Recession and Restoration

The ice age receded, across a span of 10,000 years, with a succession of geologic spasms like the Kankakee torrent. The recolonization of that evacuated landscape by life took several millennia, and after the climatic maximum of the Hypsithermal, humanity helped stabilize its dimensions and the resulting pastiche of prairie and savanna by regular firing.

The iron age ended with the bleeding soils from a thousand cuts and with a slow smothering beneath a blanket of domesticated flora. Its regeneration will take centuries, if not longer, quarter section by quarter section, township by township, and it will act out against a fast-morphing climate, likely the byproduct of an industrial burning run amok. But it will happen at the hands of a humanity wielding fire.

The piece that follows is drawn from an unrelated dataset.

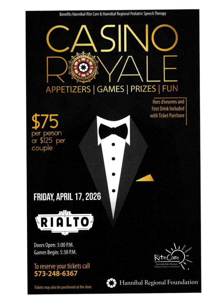 Come to the Rialto for an evening of appetizers, games, prizes and fun all to benefit Hannibal Rite Care and Hannibal Regional Pediatric Speech Therapy! To reserve your tickets call 573-248-6367
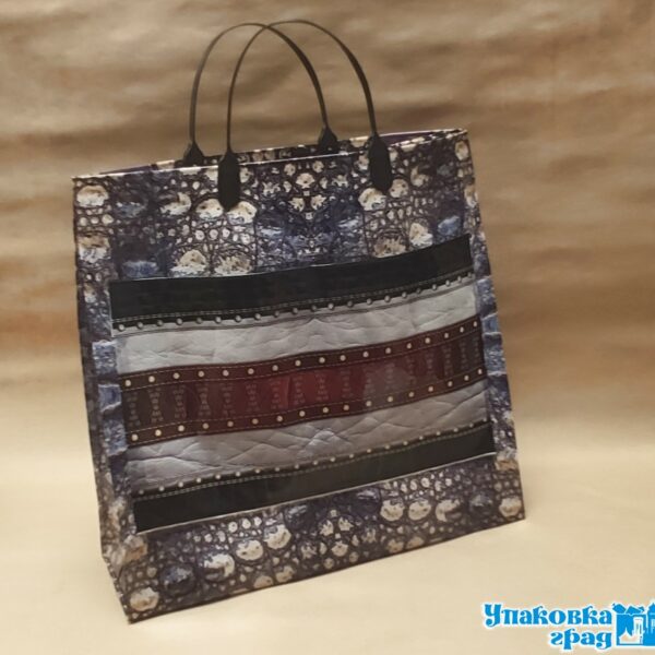 Пакет ламинированный многослойный с оригинальным дизайном. В дно пакета впаяна надежная вставка, которая усиливает прочность и дает возможность поставить его при необходимости. Пакет легко сложить и взять с собой в сумочку. Он прочный, надежный, выдерживает содержимое до 20 кг.

This is not the kind of creation story or heroic narrative that American environmentalism has traditionally thrived on. But it is what must happen if nature’s economy is to continue to produce the goods and services we want. It’s a story in which the Hippocratic injunction to first do no harm means you will harm if you don’t first do. And it’s a story in which the people who want prairie must also become a people who want fire.